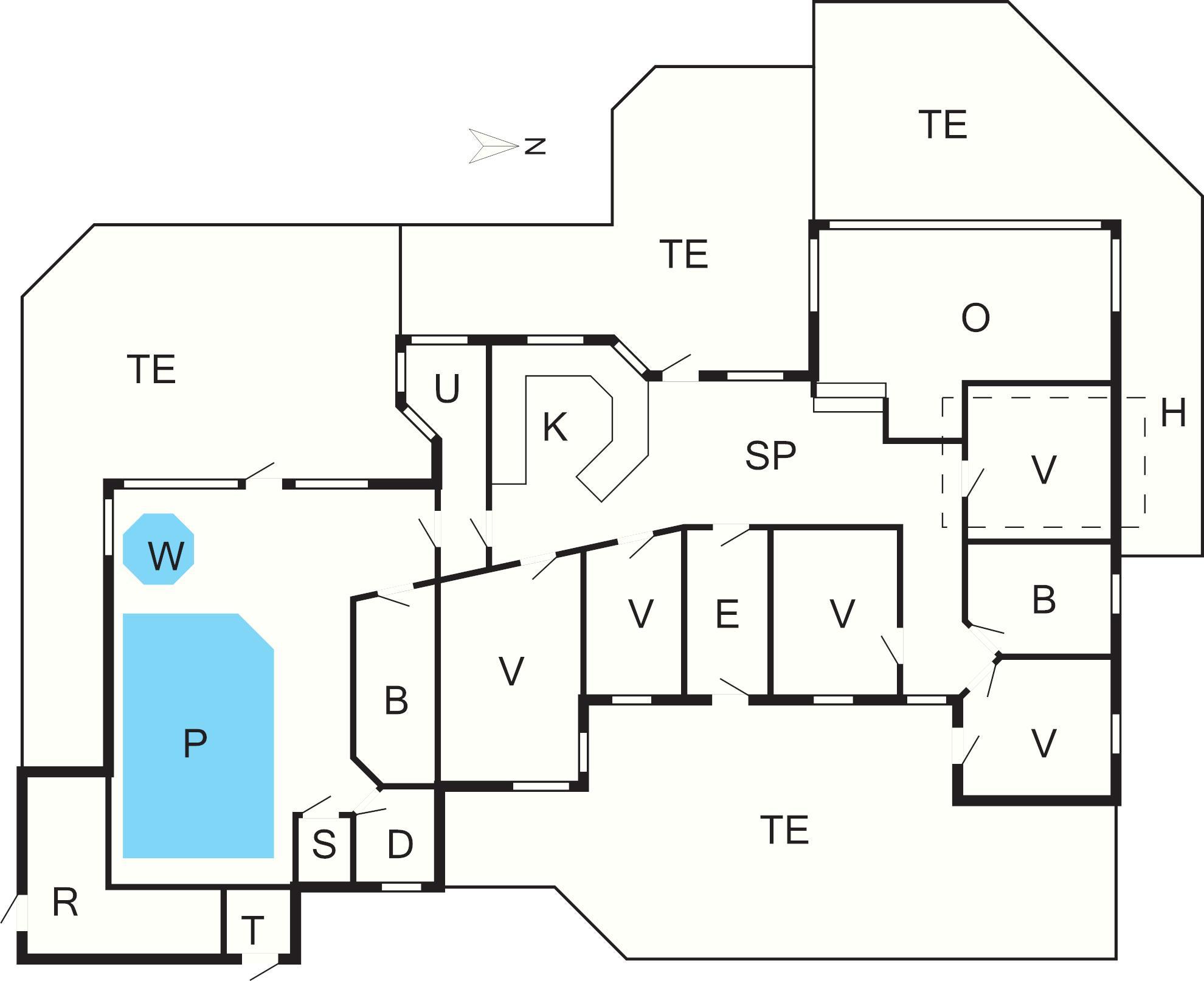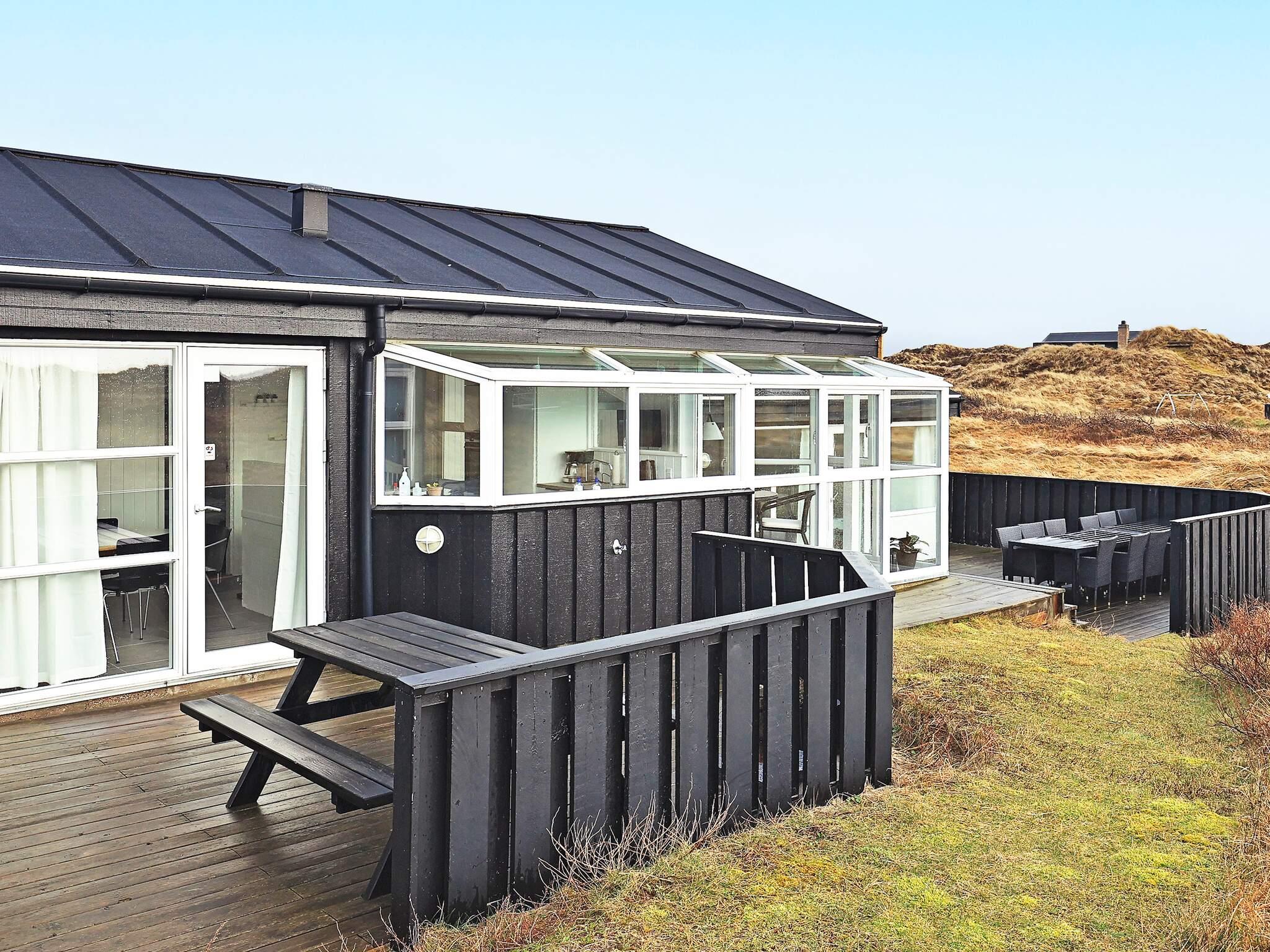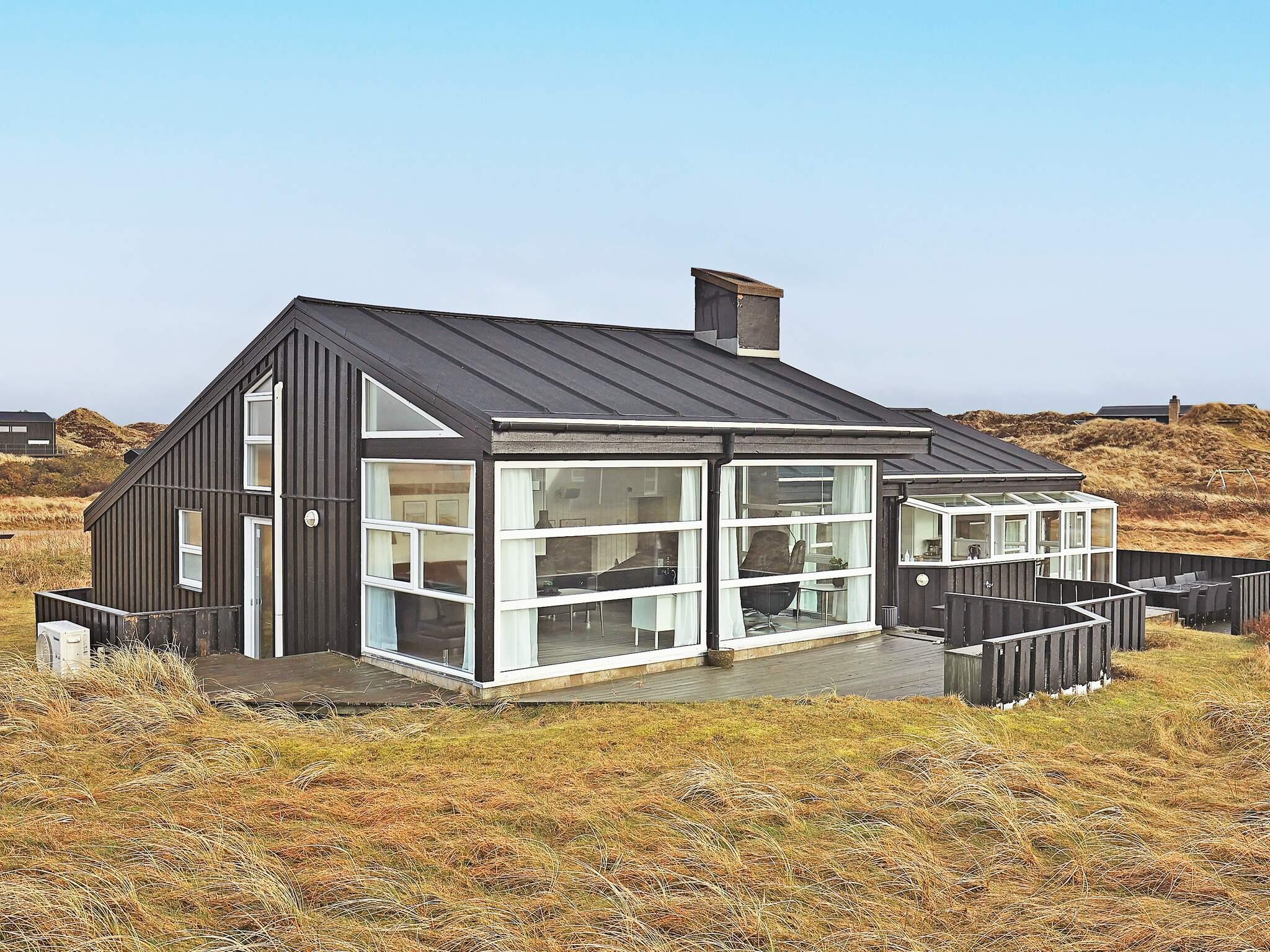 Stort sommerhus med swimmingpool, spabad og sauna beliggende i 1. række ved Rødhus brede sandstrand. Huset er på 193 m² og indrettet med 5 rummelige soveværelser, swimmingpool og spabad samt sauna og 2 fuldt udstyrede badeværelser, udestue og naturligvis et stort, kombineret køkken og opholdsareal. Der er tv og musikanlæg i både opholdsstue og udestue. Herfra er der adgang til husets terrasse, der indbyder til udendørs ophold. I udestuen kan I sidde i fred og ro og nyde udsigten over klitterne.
==
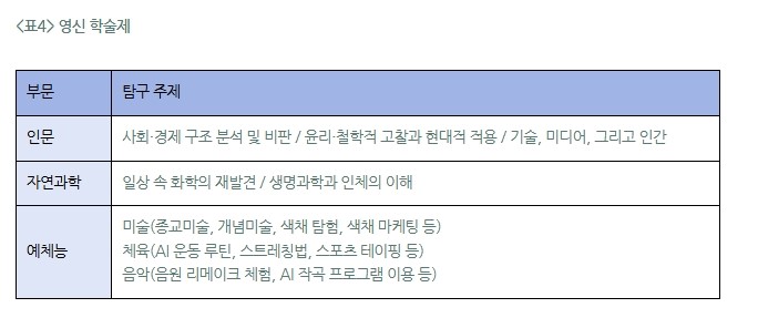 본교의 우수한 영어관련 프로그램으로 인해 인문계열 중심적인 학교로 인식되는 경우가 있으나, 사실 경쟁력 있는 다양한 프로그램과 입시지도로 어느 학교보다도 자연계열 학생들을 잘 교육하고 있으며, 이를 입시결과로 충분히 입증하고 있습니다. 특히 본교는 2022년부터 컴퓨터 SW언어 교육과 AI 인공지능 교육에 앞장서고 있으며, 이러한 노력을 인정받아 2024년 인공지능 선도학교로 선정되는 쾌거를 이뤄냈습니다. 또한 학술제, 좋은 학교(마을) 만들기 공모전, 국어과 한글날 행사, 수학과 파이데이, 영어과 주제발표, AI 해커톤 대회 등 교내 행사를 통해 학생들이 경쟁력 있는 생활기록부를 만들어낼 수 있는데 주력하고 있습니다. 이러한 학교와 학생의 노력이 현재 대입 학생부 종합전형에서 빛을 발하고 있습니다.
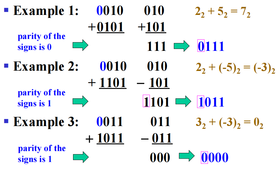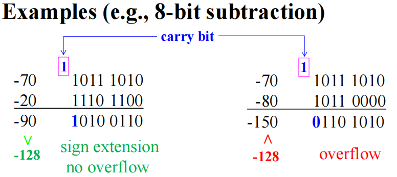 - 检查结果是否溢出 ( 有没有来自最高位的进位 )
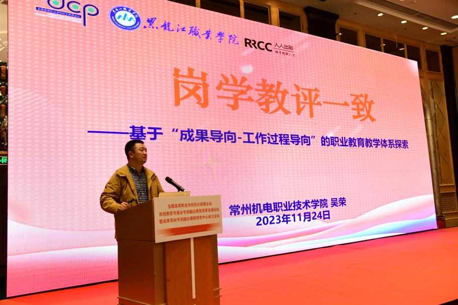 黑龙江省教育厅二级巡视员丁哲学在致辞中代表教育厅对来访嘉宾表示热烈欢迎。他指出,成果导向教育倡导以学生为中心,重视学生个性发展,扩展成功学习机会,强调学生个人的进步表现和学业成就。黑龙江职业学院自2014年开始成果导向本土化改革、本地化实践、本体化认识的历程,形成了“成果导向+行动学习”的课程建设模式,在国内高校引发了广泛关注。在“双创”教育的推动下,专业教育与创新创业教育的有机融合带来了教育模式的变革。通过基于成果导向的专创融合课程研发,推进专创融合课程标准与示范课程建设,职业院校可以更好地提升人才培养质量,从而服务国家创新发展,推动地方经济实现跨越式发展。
==
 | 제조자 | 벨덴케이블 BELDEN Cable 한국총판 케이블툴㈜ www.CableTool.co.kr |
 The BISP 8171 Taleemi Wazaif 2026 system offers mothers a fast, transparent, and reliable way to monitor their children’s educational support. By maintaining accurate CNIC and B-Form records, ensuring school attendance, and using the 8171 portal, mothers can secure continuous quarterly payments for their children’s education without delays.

### TASK DETAILS
Retype exactly the lines above, from the one with "케이블툴㈜ www.CableTool.co.kr |" through the one with "The BISP 8171", inclusive.

### SOLVED EXERCISE
 | 제조자 | 벨덴케이블 BELDEN Cable 한국총판 케이블툴㈜ www.CableTool.co.kr |
 The BISP 8171 Taleemi Wazaif 2026 system offers mothers a fast, transparent, and reliable way to monitor their children’s educational support. By maintaining accurate CNIC and B-Form records, ensuring school attendance, and using the 8171 portal, mothers can secure continuous quarterly payments for their children’s education without delays.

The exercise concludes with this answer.